Persistentには selectSource という関数が用意されており、Conduitを用いたストリーム処理でDBの読み出しが書ける。
ごく簡単な例
ほぼPersistentの最初の例からの写しだけど、こんな感じに:
{-# LANGUAGE QuasiQuotes, TemplateHaskell, TypeFamilies, OverloadedStrings #-} {-# LANGUAGE GADTs, FlexibleContexts #-} import Database.Persist import Database.Persist.Sqlite import Database.Persist.TH import Control.Monad.IO.Class (liftIO) import System.IO (stdout) import Data.ByteString.Char8 (pack) import Data.Text.Internal (Text) import Data.Conduit import qualified Data.Conduit.Binary as CB share [mkPersist sqlSettings, mkMigrate "migrateAll"] [persist| Person name String age Int Maybe deriving Show |] type SqlSource v = Source (ResourceT (SqlPersist IO)) v conduit_test :: IO () conduit_test = withSqliteConn ":memory:" $ runSqlConn $ do runMigration migrateAll johnId <- insert $ Person "John Doe" $ Just 35 janeId <- insert $ Person "Jane Doe" Nothing runResourceT $ mapOutput (pack . (++"\n") . show) (selectSource [] [] :: SqlSource (Entity Person)) $$ CB.sinkHandle stdout return () main = conduit_test
[persist| … |]で囲まれた部分がDBのスキーマ記述にあたるDSLで、Haskellのデータ型に展開されると同時にsqliteのテーブルが作られる。 Template HaskellやQuasi-Quotation を使って実現されている。シンプルでDRYな感じに好感が持てる。
runResourceT から始まる行が Conduit部分だ。 $$ は Source と Sink を接続する演算子であり、接続された物体がResourceT型を持つモナドを、runResourceTで実行する.
Souceは、selectSource で Entity Person型のデータを無条件にselectしたものだ。
さらに、mapOutputで、Entity Person型のsourceからの出力を、ByteString型に変換している。

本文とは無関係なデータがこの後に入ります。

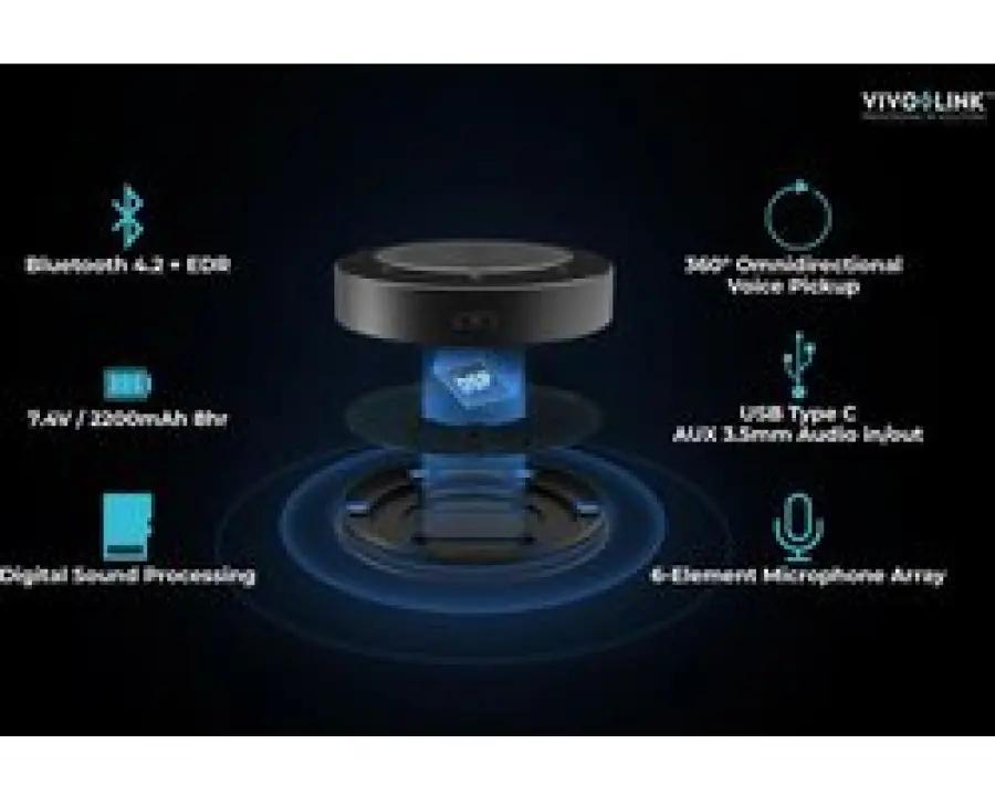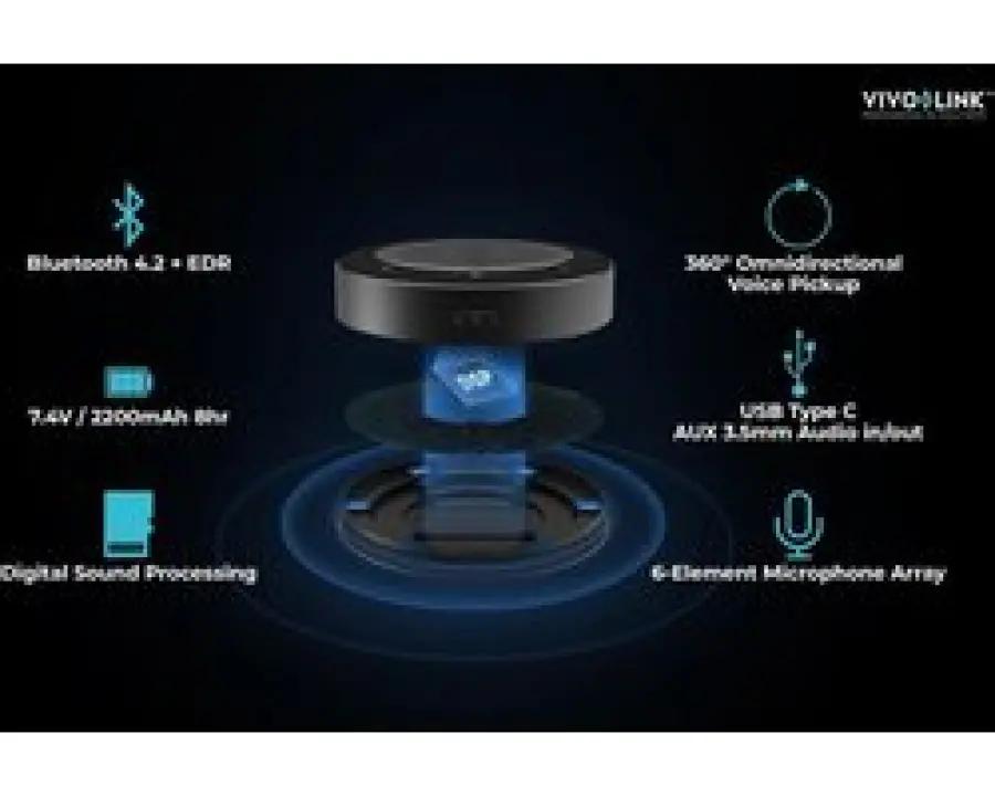 De VivoLink VLSP20 is een compacte en krachtige speakerphone, ideaal voor vergaderingen met maximaal 3 personen. Dankzij de eenvoudige USB-A aansluiting en Bluetooth 4.2 technologie kun je hem makkelijk verbinden met je smartphone, tablet of pc. Je kunt zelfs tot 3 apparaten tegelijk koppelen, wat zorgt voor een flexibele en snelle opstart van je videoconferenties.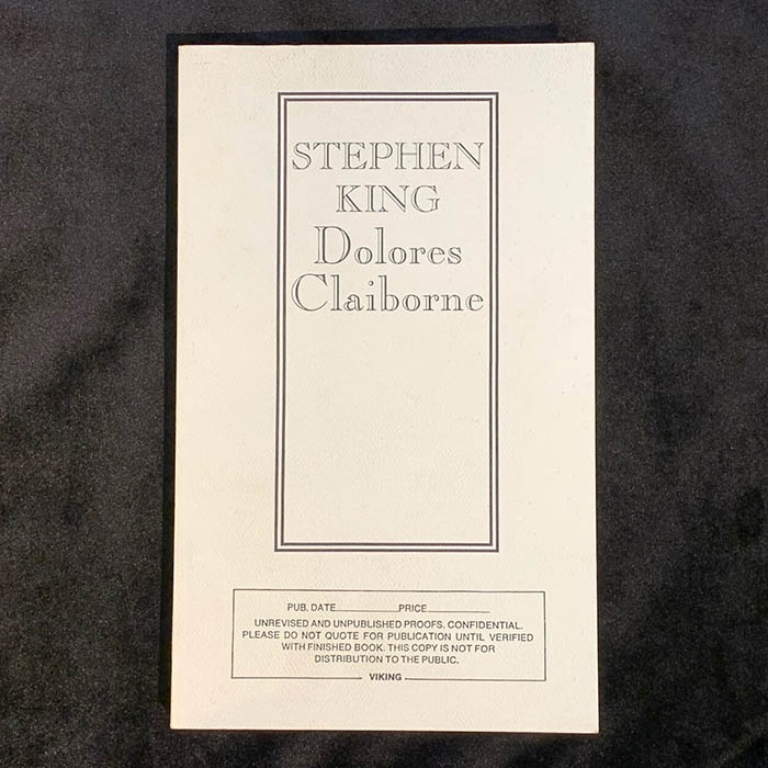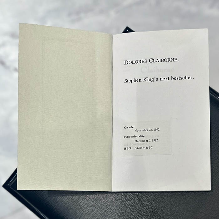 Stephen King's book "Dolores Claiborne" special edition for critics in 1992.

Sinkは、CB.sinkHandle という関数で、 ByteString型の入力を全てstdoutに流し込む。
いわゆるリストを使った遅延IOより少しだけ複雑だが、さらにモナド変換子を重ねるための抽象化のため、最初はとっつきにくい印象だ。しかし Source, Conduit, Sink の型がすべて Pipe i o m r 型 の型シノニムになっているため、じつのところ非常にすっきりしているように思う。
Pipe i -- 入力の型 o -- 出力の型 m -- 下にあるモナド (IOや ReaderT r IO など。上記では SqlPersist IOというモナド) r -- モナドの計算結果の型
Pipeはモナドになっているので、お馴染みのdo構文でsourceやsinkを合成できるのも良い感じだ。
例外処理の扱いなども興味深いがまたの機会に。
型エラーの怪
ところで、上の例を作ったとき、型エラーを解消するのにちょっと時間がかかってしまった。
pack . (++"\n") . show :: Show a => a -> ByteString
で、データベースから取り出したデータをshowしByteString型に変換しているが、最初に書いたときはここで、
(++"\n") . show
と、packを忘れてしまっていた。 もちろんこの型エラーはGHCによって報告された:
persisttest.hs:32:14: Couldn't match expected type `[Char]' with actual type `Data.ByteString.Internal.ByteString' (略)
しかし、この上の行には、何やら別の型エラー2つが出ていた。
persisttest.hs:23:16: No instance for (Control.Monad.Trans.Control.MonadBaseControl IO m0) arising from a use of `withSqliteConn' (略) persisttest.hs:27:15: No instance for (Control.Monad.Trans.Control.MonadBaseControl IO m1) arising from a use of `insert' (略)
通常、こういった型変数がらみの"No instance for ..."というエラーは,型注釈が足りていないために起こる。 (show . read) が良い例で、どの型クラスのインスタンスを選んでよいかわからないとコンパイラ様がお怒りになる。
しかし 上の ByteString と Char の型ミスマッチを解消すれば、この型エラーは消える。順番に withSqliteConn や insert に型注釈を加えていた私は釈然としない。
原因はたぶん、 型エラーのせいで 型が分からなくなった runResourceT の呼び出し部分に (fresh な) 型変数 m a を割り当てるためだ。
runSqlConn の引数もまた SqlPersist m a 型なので結局 型変数 mを具体化できず、インスタンスを特定できないのだ。
上の例では、型推論による型mの伝播方向が単方向である(Entity型が決まると、associated type ([persist|...|]の部分から生成される) によりモナドの型SqlPersist IOが決まり、それが全体に伝播する)。
このため、型を具体化している源流で型エラーが起こると、連鎖的に別の"No instance for"エラーが引き起こされるのだった。
結局、モナド変換子をあまり型変数で抽象化しまくるのも問題だということか。